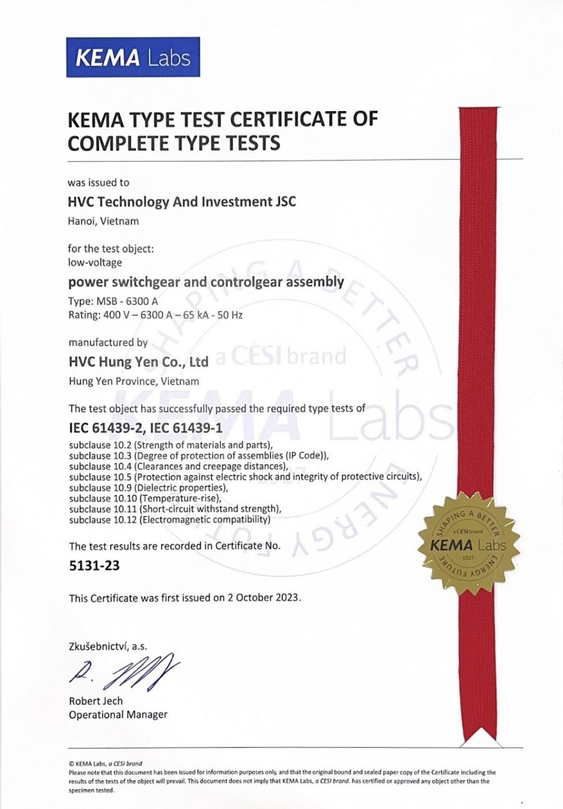 | Chứng nhận KEMA Type Test cho tủ điện hạ thế của Nhà máy HVC Hưng Yên |
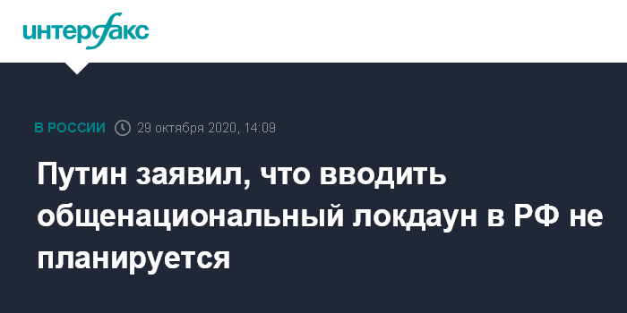 Москва. 29 октября. INTERFAX.RU - Общенациональный локдаун в России в связи с ситуацией вокруг коронавируса вводить не планируется, заявил президент РФ Владимир Путин.
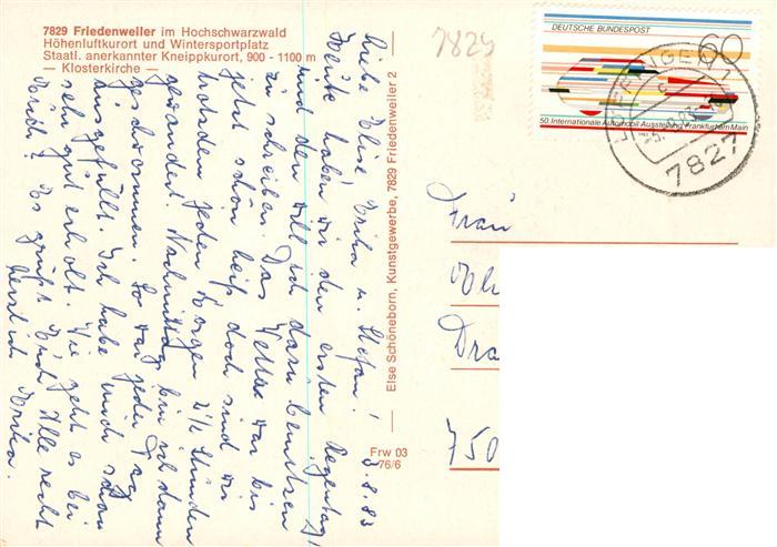 73931729 alte Postkarte Friedenweiler Klosterkirche Inneres postalisch gelaufen Erhaltung siehe scans [WerneD78] KatCode: 11110008315039
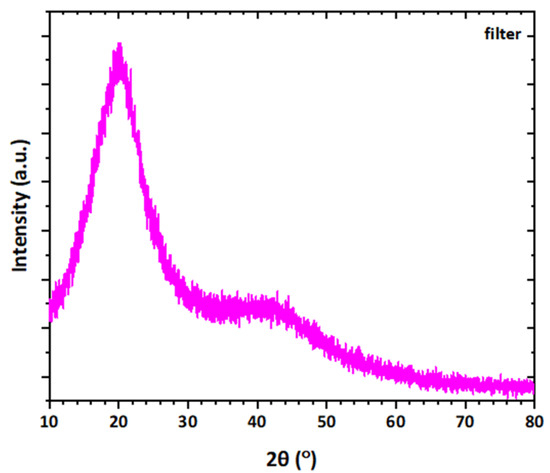 The XRD analysis of the lattices indicated that the polymeric matrix solely exhibited a broad diffraction peak at approximately 20° (Figure 8), a common characteristic observed in many polymeric materials. The absence of any SiO2 or TiO2 peaks suggests their uniform and high dispersion of coatings on the membrane surface. Another remark is that the XRD pattern did not exhibit any Bragg peaks associated with crystalline TiO2, likely due to the low TiO2 content, which could not be detected on the polymeric substrate. This outcome is favorable, indicating the formation of an ultra-thin TiO2 film. An ultra-thin film is advantageous as it maintains the high surface area of the photocatalytic filter and helps prevent an excessive pressure drop across its length.
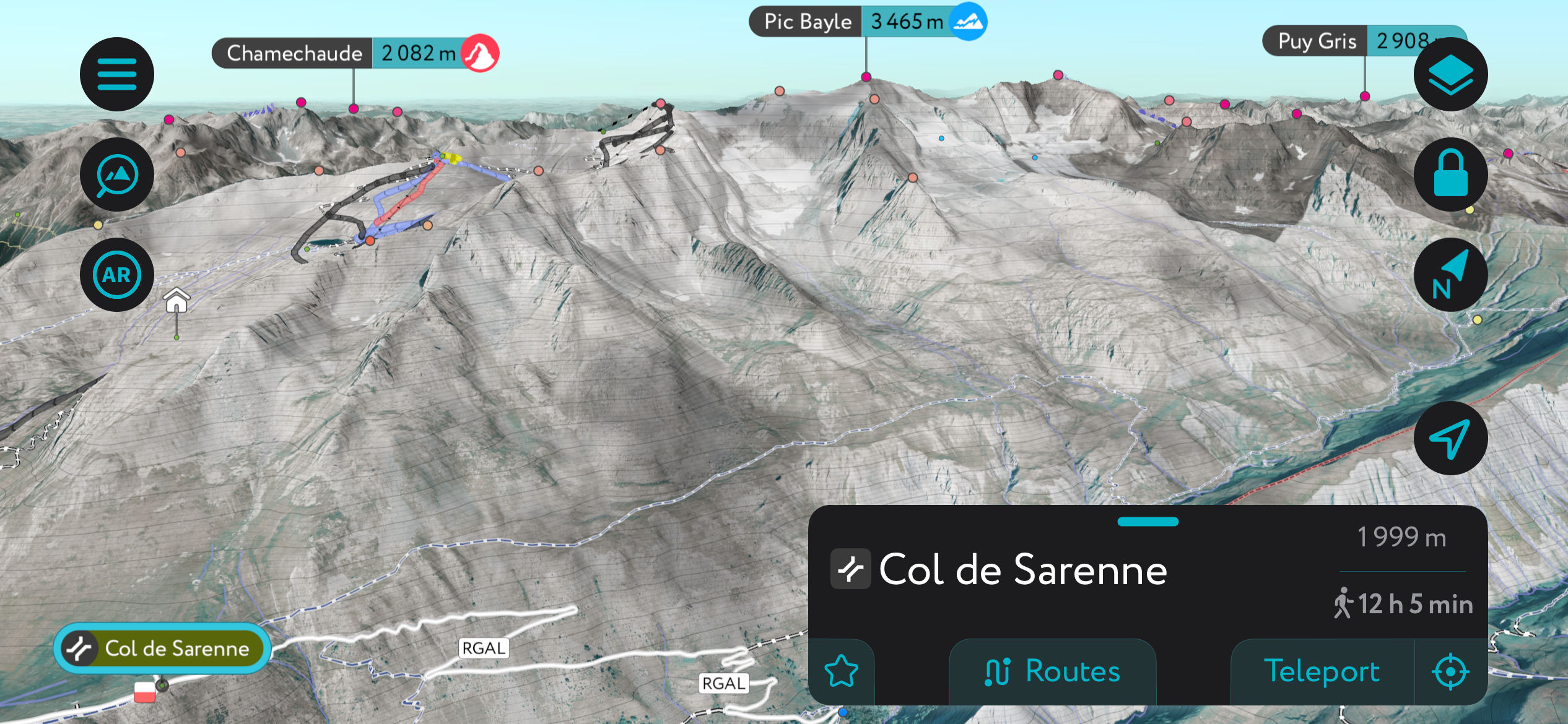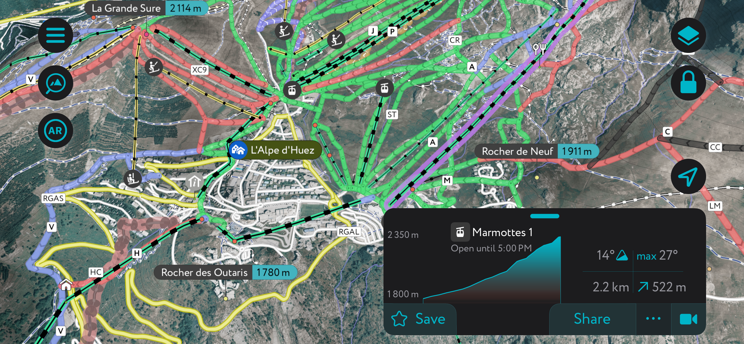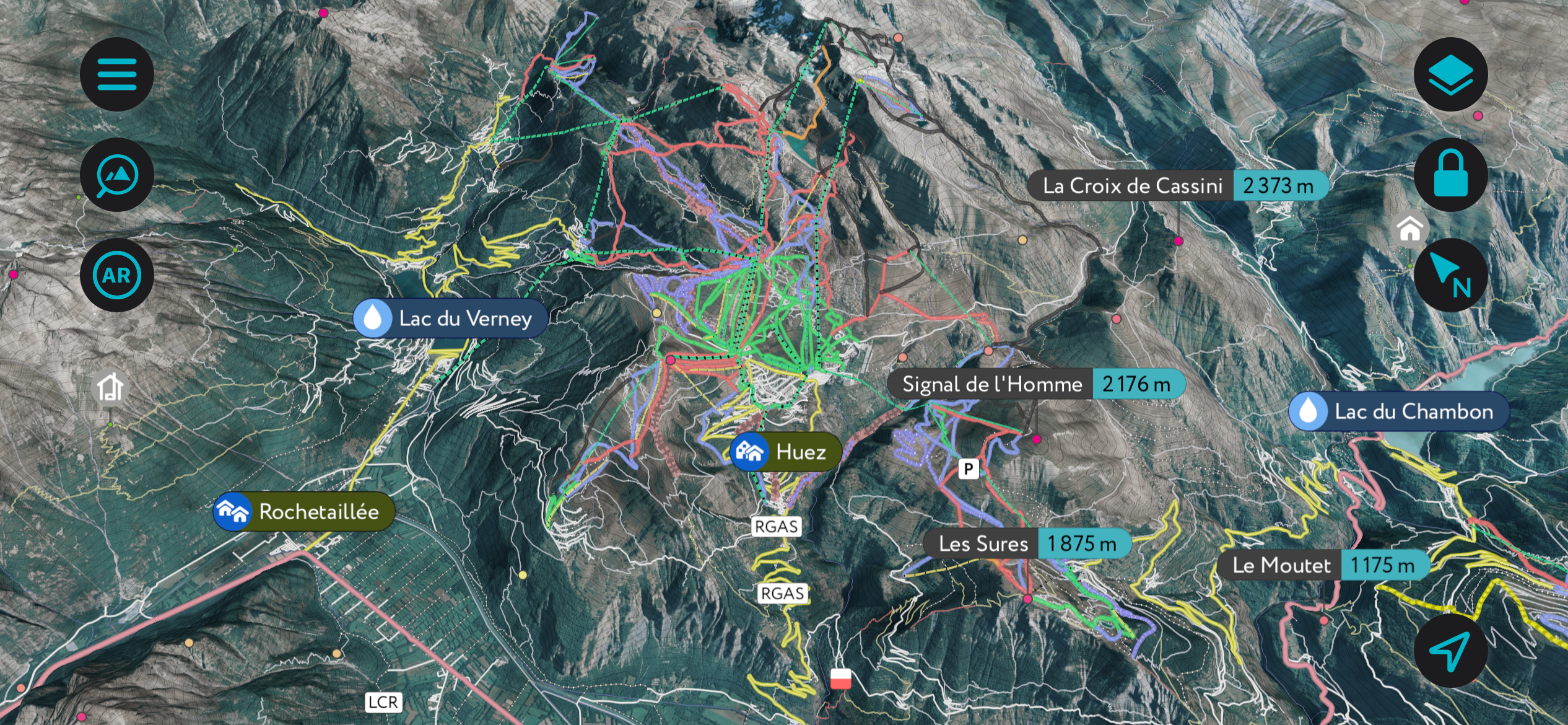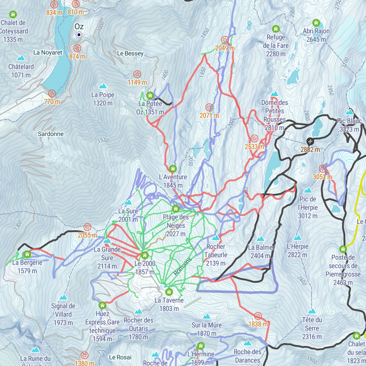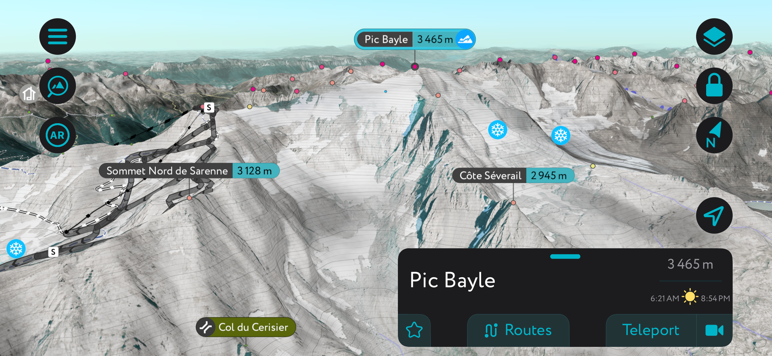 However, the best way to discover Alpe d’Huez is undoubtedly through the PeakVisor mobile app. The app offers an interactive version of the mountain that you can reference at any time, whether you want to know when a lift closes, where a trail goes, or what the surrounding off-piste might look like.
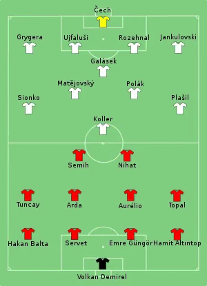 16. 1 2 3 "Team Line-ups – Group A – Turkey-Czech Republic" (PDF). Union of European Football Associations. 15 June 2008. Retrieved 11 June 2012.
—————
Work to be completed » Starting with the line that contains "However, the best", give the lines again exactly as they appear through the last line of the data, pictures excluded.

Exercise result »
 However, the best way to discover Alpe d’Huez is undoubtedly through the PeakVisor mobile app. The app offers an interactive version of the mountain that you can reference at any time, whether you want to know when a lift closes, where a trail goes, or what the surrounding off-piste might look like.
 16. 1 2 3 "Team Line-ups – Group A – Turkey-Czech Republic" (PDF). Union of European Football Associations. 15 June 2008. Retrieved 11 June 2012.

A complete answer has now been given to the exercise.